[net.politics] A Fact for Milo!

rdz@ccice5.UUCP (Robert D. Zarcone) (10/31/84)

I know a fact!  (Can anyone really know... Oops!  Sorry, wrong net)

Does this make me elligable to participate?

DISCLAIMER:  I have never had a physics course, am tolerant of just
             about everybody and have some ideas that are probably
             not going to change.  Can I still be concerned about
             about events that are going to change my life, and
             discuss them to the best of my ability?

I will, of course, await your reply before going any further in life.

	*** REPLACE THIS LINE WITH YOUR MESSAGE ***

medin@ucbvax.ARPA (Milo Medin) (11/09/84)
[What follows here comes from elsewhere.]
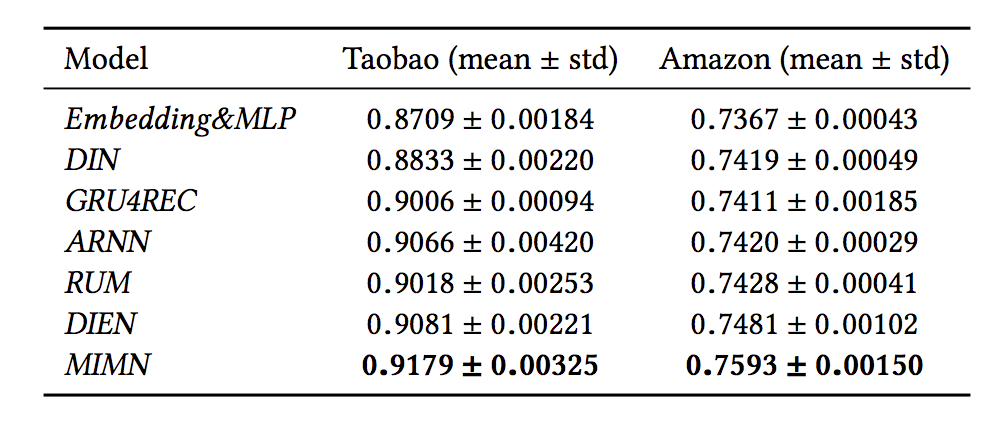 我们采用了亚马逊以及淘宝的公开数据集来进行实验,对比的模型有:Embedding & MLP、DIN、GRU4REC、ARNN、RUN、DIEN,从表1可以看到在这两个数据集上的效果 MIMN 模型都优于对照的模型。

I cant believe this discussion.  If your wife had a brain tumor you'd
take her to an expert.  And you probably wouldn't be able to understand
all the treatment he'd recommend either.  But it sure would affect you.
Its a matter of realizing that you need to trust people.  You cant avoid
doing that.  And just because you dont like what the doctor is saying isnt 
any reason to believe that the doctor's prognosis is wrong.
Biologists study life, and strategists study strategy.  When the
strategists need data on the effects of nuclear weapons they read
what others have written, including the biologists.   They dont invent
facts.

As for the comment equating Teller with Sagan, that is an insult to
the n'th degree.  Sagan must be one of the most arrogantly ignorant
people I know.  He came to NASA a while back and I just couldnt believe
the pure unadultered garbage he was putting out.  And when you ask
him to prove what he says, he claims you wont understand it, HE claims
this!  A person with a frontal lobotomy could punch holes in his
arguments.

The people at Rand who have been responding have been trying
to shed some light on this subject, but everyone here seems to
be attacking them for being experts.  They claim conflict of interest.
Well a full time strategist must get paid for his work, but that
says nothing about the work itself.  The analogy that the AMA is
deliberating throwing away cures in order to stay in business
isnt just wrong, its grossly insulting and shows the stupidity
of the people who make that statement.  You folks should ask
the Rand people some questions and should listen to their answers.
I dont believe I have been decieving people.  I have many studies
and reports that support my conclusions, and I'm sure Rand can
refer you to many more, thats if you are interested in reading
the facts and not fiction.  Some people just have a hard time
believing what the don't want to believe is true, its not anything
new, but you cant make mistakes in this arena.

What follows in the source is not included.